Task requirements: Take each line in the entries below that holds "petits" and show it.
(Supplied material)
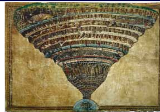
Kaart van de hel, tussen 1480 en 1490

De Louteringsberg bevindt zich midden in het zuidelijk halfrond, recht tegenover Jeruzalem, en is gevormd uit de aarde die omhoogkwam bij het vormen van de hel. De Louteringsberg is opgebouwd uit zeven lagen die overeenkomen met de zeven hoofdzonden: trots en hoogmoed, jaloezie en afgunst, woede, luiheid, hebzucht, gulzigheid en het ongebreideld verlangen en wellust. In tegenstelling tot de hel is de sfeer er aangenaam. De natuur is prachtig met veel groen en bloemen. Op de top van de Louteringsberg bevindt zich het aards paradijs, waaruit ooit Adam en Eva werden verdreven. Voordat Dante de Louteringsberg gaat verlaten moet hij, tot zijn droefheid afscheid nemen van
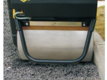
Narrow overhang for operation close to walls and curbs.
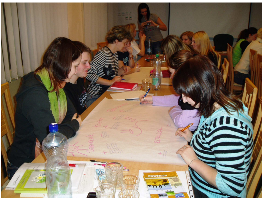
Obr. 21 – Školení dobrovolníků
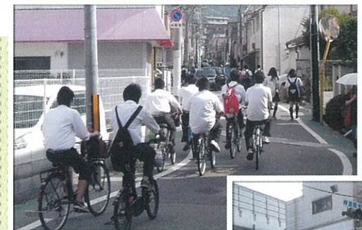
こんな運転していませんか？
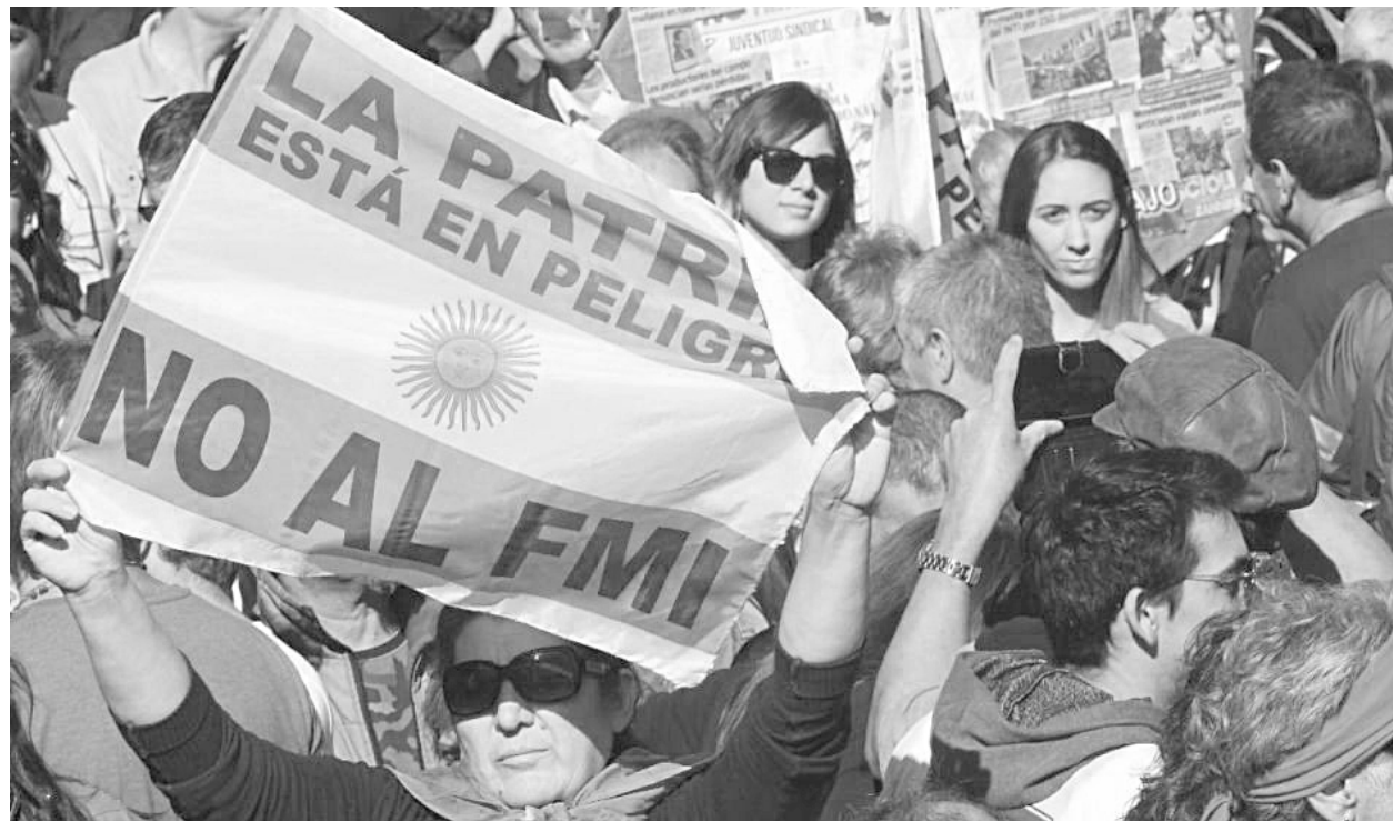
El kirchnerismo hizo un acto contra el FMI pero dice que hay que pagar la deuda

La deuda externa es el mal de los males. ¿Qué dicen los economistas y políticos kirchneristas al respecto?
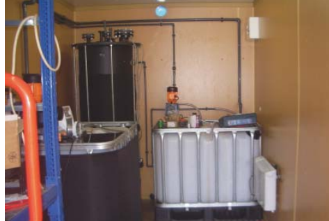
▲ Blick in den Versuchscontainer mit Methanreaktor während der Montage

Methanreaktor mit Inoculum aus der Technikumsanlage Cottbus und anschließendem Anfahren der Gesamtanlage durch unseren Anlagentechniker Sebastian Lattke vor Ort in Cottbus wurde die Biogasanlage durch den Auftraggeber EBZ GmbH abgenommen
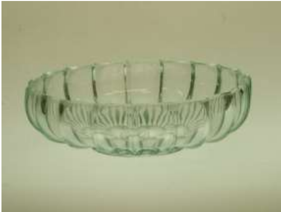
Grand, Hofmantorps Nya Glasbruk.
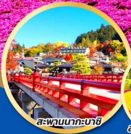
สะพานนาคะบาชิ
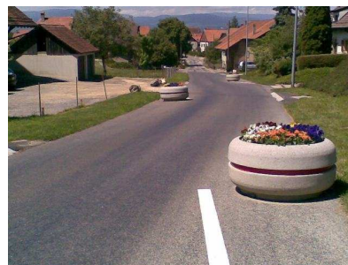
Aménagements plus efficaces
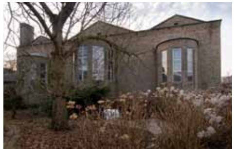
Achterzijde van de Lourdeskerk.

Toen de Lourdeskerk gebouwd werd was er al sprake van een zekere gedateerdheid van het ontwerp. De Delftse school waar Granpré Molière deel van uit maakte was eind jaren vijftig nog volop in zwang, maar zou daarna snel plaatsmaken voor het modernisme. Granpré Molière maakte zoveel mogelijk gebruik van natuurlijke materialen, en liever niet van (gewapend) beton zoals de modernisten. In de Lourdeskerk zijn veel historische verwijzingen naar de vroegchristelijke kerkbouw in Toscane en naar de romaanse architectuur. De sobere uitvoering verwijst naar de positie van de rooms-katholieke kerk in na-oorlogse tijd, een periode van herbronning en bezinning. De kerk moest van de grond af weer worden opgebouwd, net als de nieuwe wijken, en zou daarmee haar positie in de samenleving weer hervinden. De vroegchristelijke architectuur paste bij het pionierskarakter van de naoorlogse rooms-katholieke kerkbouw. Met het ambachtelijk gebruik van materialen en het tonen van de constructie, lijkt Granpré Molière door architect Berlage beïnvloed. Opmerkelijk is dat de rechthoekige vensters wel betonnen lateien hebben, waarschijnlijk om constructieve of economische redenen.
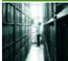
Más que mil palabras
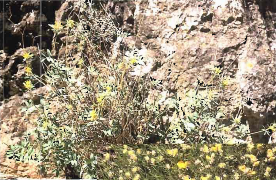
42. Anthyllis ramburei Boiss.
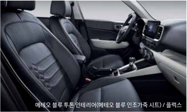
메테오 블루 투톤 인테리어(메테오 블루 인조가죽 시트) / 플렉스
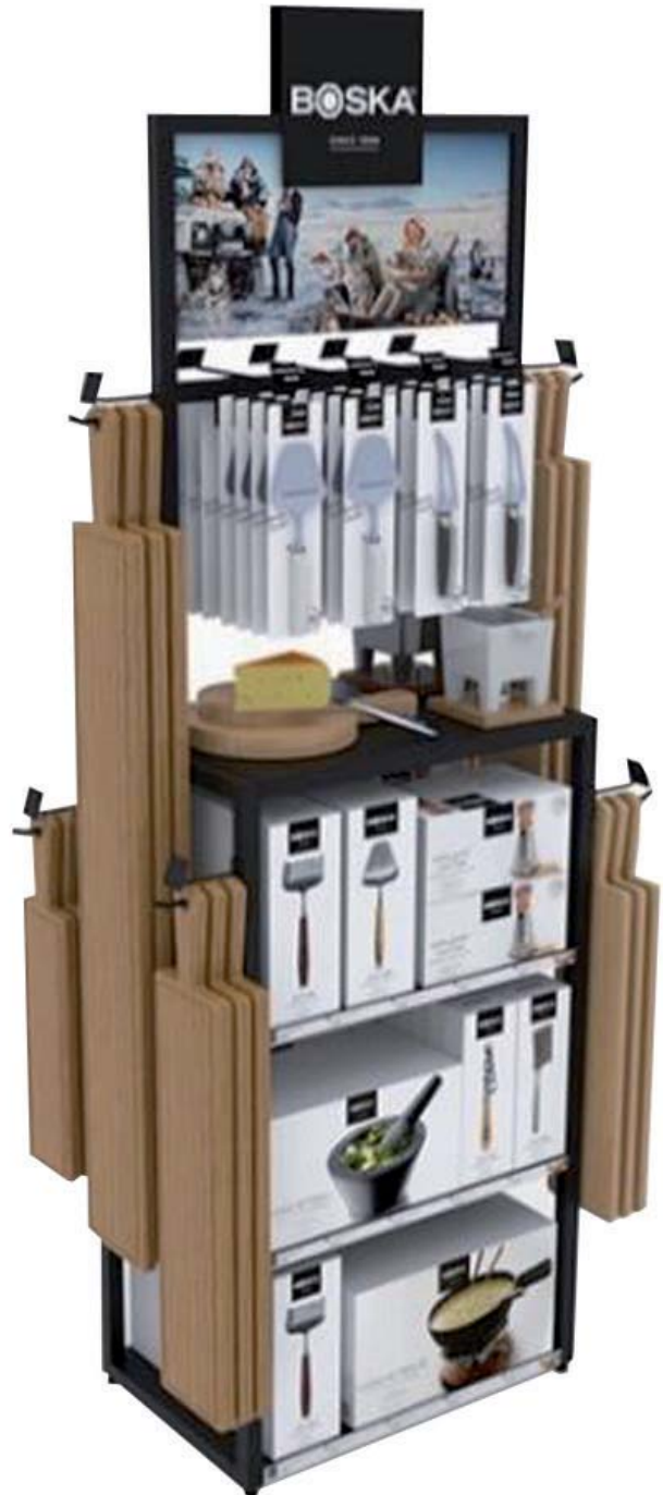
Espositore da pavimento „Quarter Pallet“ vuoto
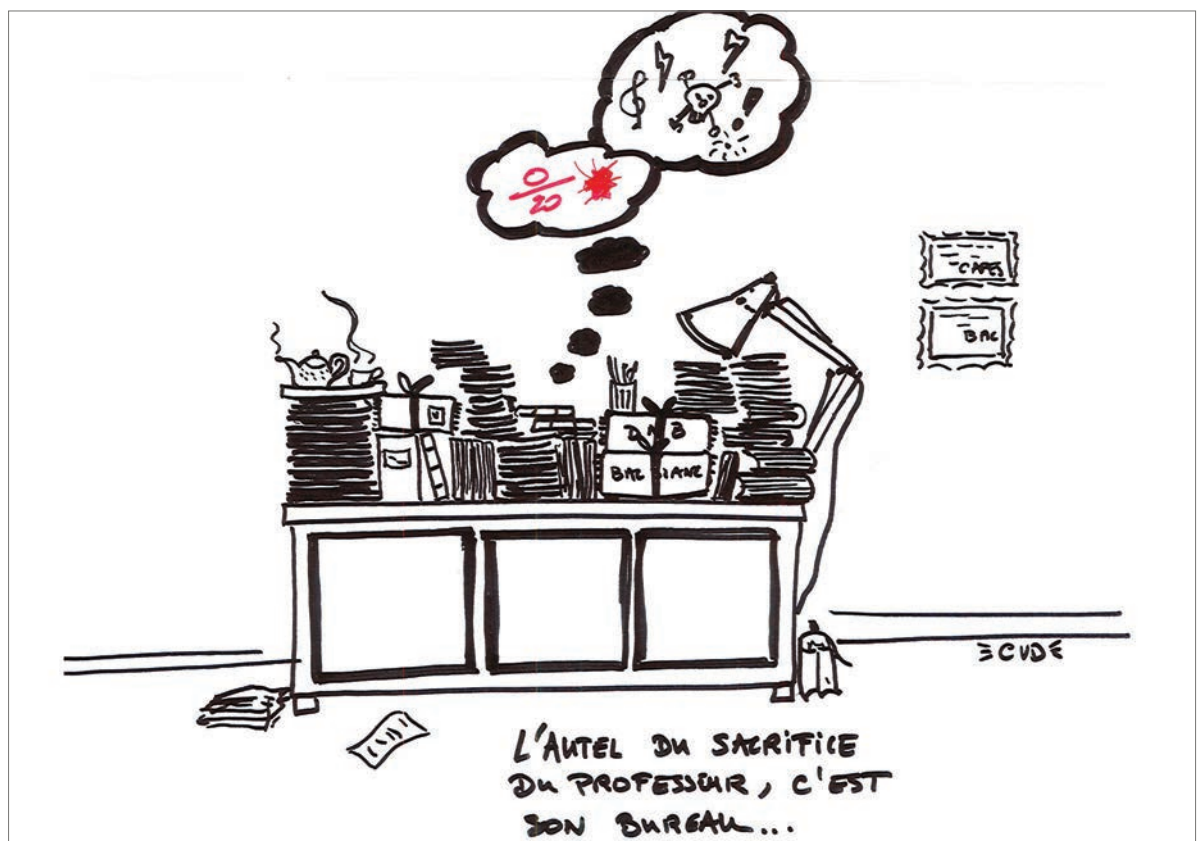
« Le sacrifice du prof de lettres », par Christophe VAISSIÈRE
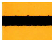
例：Si 工件的崩边比较
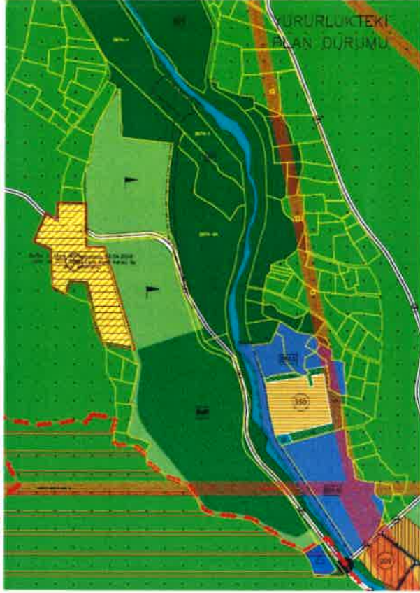
Mevcut 1/5000 Ölçekli NİP
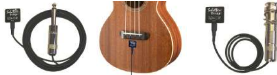
LP-15 Outsider /¥10,450 外部取り付け用/3mシールドケーブル+プラグ付き

LP-15は、薄い、小さい、軽いと3拍子揃ったサウンドボード・ピックアップです。厚さは約1.25mm、センサー部は2グラム未満と非常に軽量で、響板の動きや振動を妨げません。プリアンプを通さずに一般のギター／ベースアンプで良い音が出せるよう設計されています。
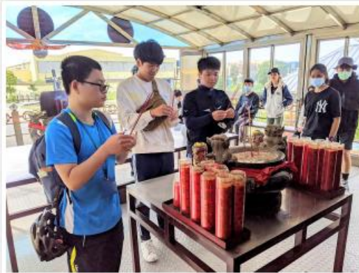
人機聯合研習會 - 歐亞水務中心
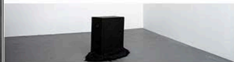
Galerie 22,48 m 2
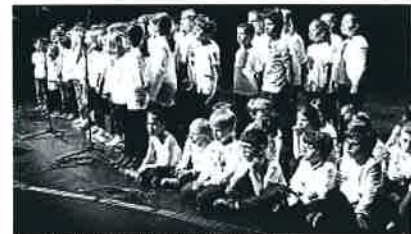
Les petits chanteurs de l'école élémentaire.

Pour le deuxième volet de la fête des écoles, l'Astarac allierait encore complet samedi après-midi. L'occasion d'écouter au terme de leur 1 er ou 2 e année les élèves de CM1 et CM2 ayant bénéficié au sein de l'école d'une première initiation musicale avec découverte des instruments. Des résultats étonnants qui leur permettront, dès l'entrée en 6 e , de poursuivre leur apprentissage. La démonstration faite la veille sur la même scène par les collégiens constitue un encouragement : on a, semble-t-il, parlé de « soirée magique ». En deuxième partie, place tut l'assée aux petits chanteurs des C.P., C.E., C.M. réunis en chorale pour interpréter joliment des chansons à succès.
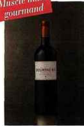
Dourthe, Dourthe N°1, bordeaux 2014 rouge 9,90 euros
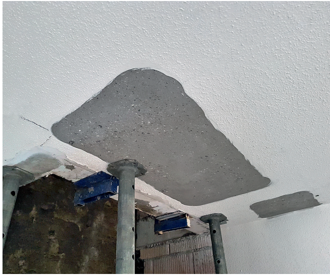
1 im Bereich der Verstärkung allfällige Beschichtungen und/oder Dämmungen entfernen
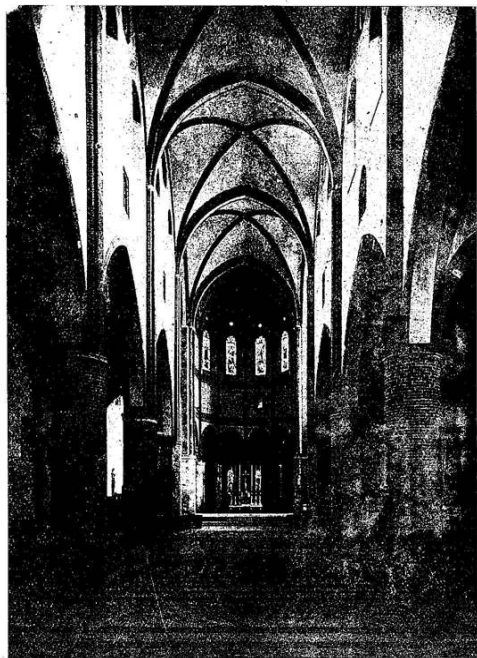
Nella Basilica di S. Francesco fu proclamato solennemente il Plebiscito

Interprete il Gioia, svolgendo il 2 novembre al Parlamento Subalpino una interpellanza circa le condizioni anormali della nostra città, in tanti modi vessata dal Thurn. Quell'interpellanza suscitò tanti consensi ed ebbe tali strascichi, che per poco non provocò la caduta del ministero Perrone-Pinelli.
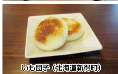
いも団子 (北海道新得町)

無料 模擬体験機で牛の乳搾り 午前11時30分・午後2時 ※各回定員50人 ※開始1時間前から十勝ブース前で整理券を配布します。
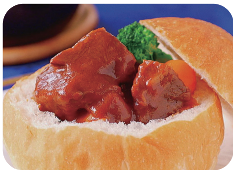
KKRホテルの ビーフシチューポット (BSP) ¥1,200
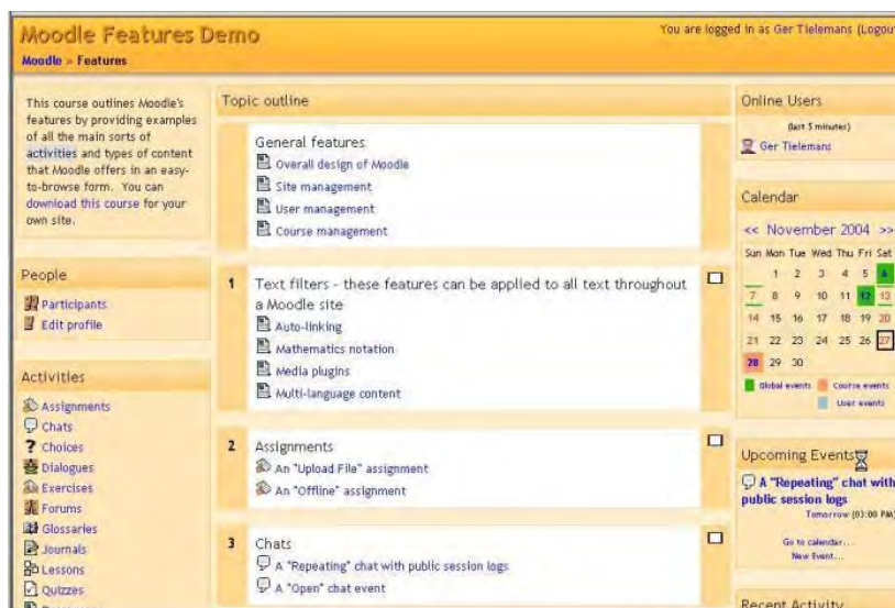
Рисунок 3 – Интерфейс главной страницы LMS Moodle

eFront – система дистанционного обучения и разработки учебного контента с открытым исходным кодом, распространяемая бесплатно.
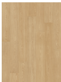
ROBLE MALTA ● PRO L0263-06793 ● L0363-06793
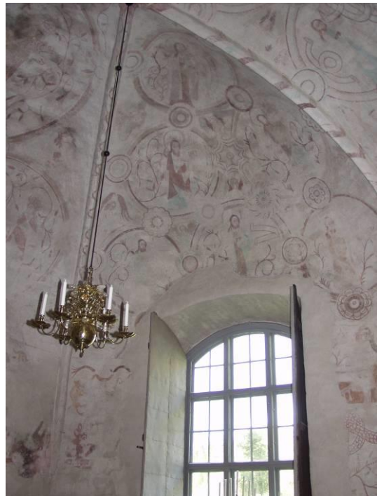
Sidokapellets valvmålningar utgörs av figurmedaljonger sammanbundna av mindre rundlar

Omkring 1200 antas att en enskeppig stenkyrka byggdes i Odensvi. På dess norra sida tillbyggdes i mitten av 1300-talet ett gravkor åt biskop Egislus och hans familj. Från denna tid finns en glasmålning bevarad. Även sakristia torde ha tillbyggts då. Under senare hälften av 1400-talet slogs sex valv över kyrkorummet som därmed blev tvåskeppigt. Senast omkring 1500 torde valven ha blivit bemålade. Vid samma tid tillkom förmodligen även en läktare framme i koret, omnämnd i visitationsprotokoll 1637. Året efter ersattes den dåvarande enkla predikstolen med en mer påkostad som alltså är i bruk.
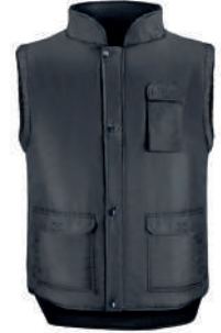
Chaleco multibolsillos negro
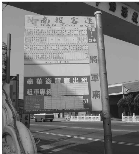
台湾浦里至南投的“将军庙”站

这充分说明，豫、闽、台三地的姓氏在历史上有着千丝万缕的血缘、地缘和文化方面的联系，闽、台地区绝大多数家族姓氏的祖源，都可以追溯到河南以及“光州固始”。
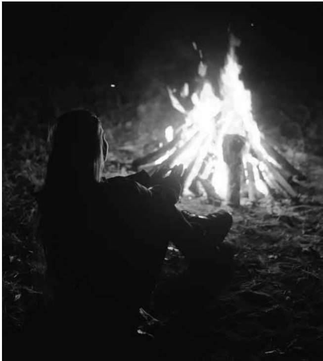
Una hoguera en la noche de San Juan.

La Noche de San Juan, celebrada la noche del 23 al 24 de junio, tiene su origen en una festividad pagana relacionada con el solsticio de verano. En nuestra residencia, esta noche mágica se convierte en una oportunidad para que los residentes revivan tradiciones y disfruten de momentos especiales. En esta celebración, el fuego simboliza la purificación y la eliminación de lo viejo y negativo, dando paso a nuevas oportunidades y deseos. Durante la festividad, se crean muñecos de paja, trapos o papel que representan lo malo del año anterior y se queman en la hoguera. Además, algunos estudiantes que han finalizado el curso aprovechan para quemar libros viejos, simbolizando el cierre de una etapa y el inicio de otra. Aunque el fuego de las hogueras es el principal ritual de esta conocida celebración, el agua y la pirotécnica también tienen su protagonismo.
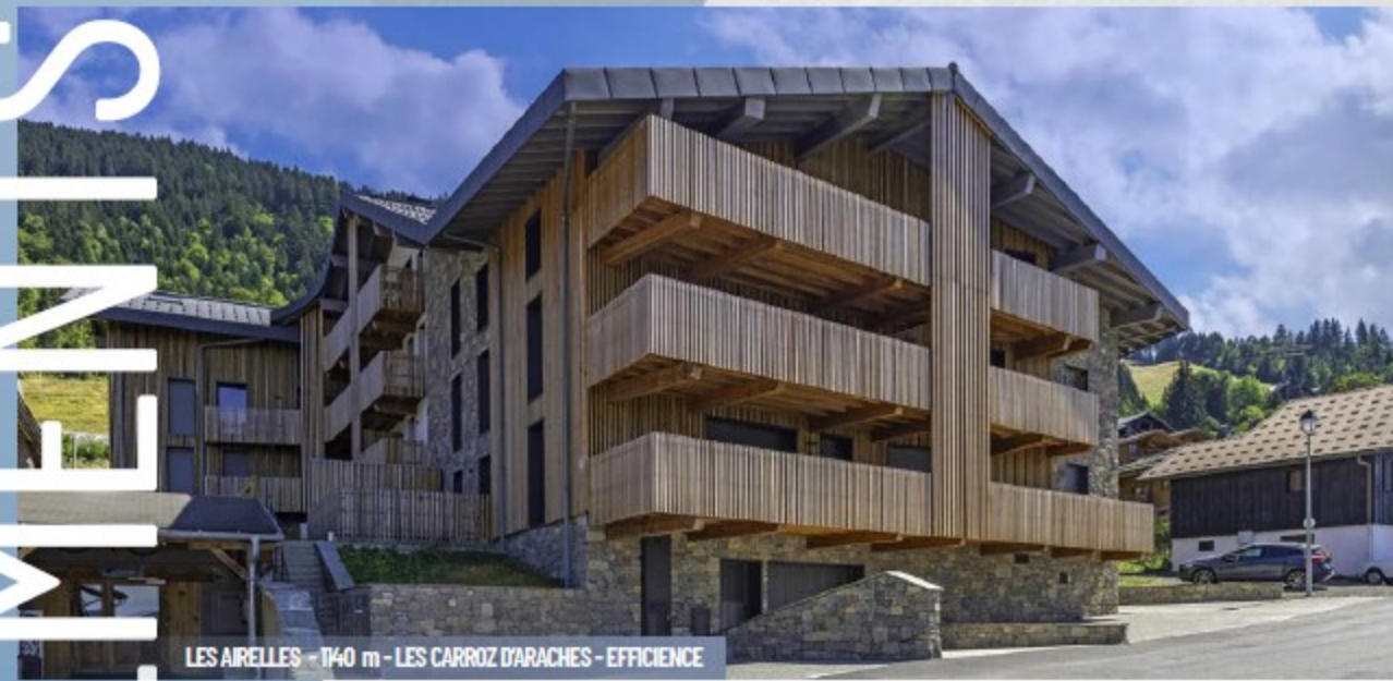
LES AIRELLES - 1140 m - LES CARROZ D'ARACHES - EFFICIENCE
(End Supplied material)
Answer:
Les petits chanteurs de l'école élémentaire.
Pour le deuxième volet de la fête des écoles, l'Astarac allierait encore complet samedi après-midi. L'occasion d'écouter au terme de leur 1 er ou 2 e année les élèves de CM1 et CM2 ayant bénéficié au sein de l'école d'une première initiation musicale avec découverte des instruments. Des résultats étonnants qui leur permettront, dès l'entrée en 6 e , de poursuivre leur apprentissage. La démonstration faite la veille sur la même scène par les collégiens constitue un encouragement : on a, semble-t-il, parlé de « soirée magique ». En deuxième partie, place tut l'assée aux petits chanteurs des C.P., C.E., C.M. réunis en chorale pour interpréter joliment des chansons à succès.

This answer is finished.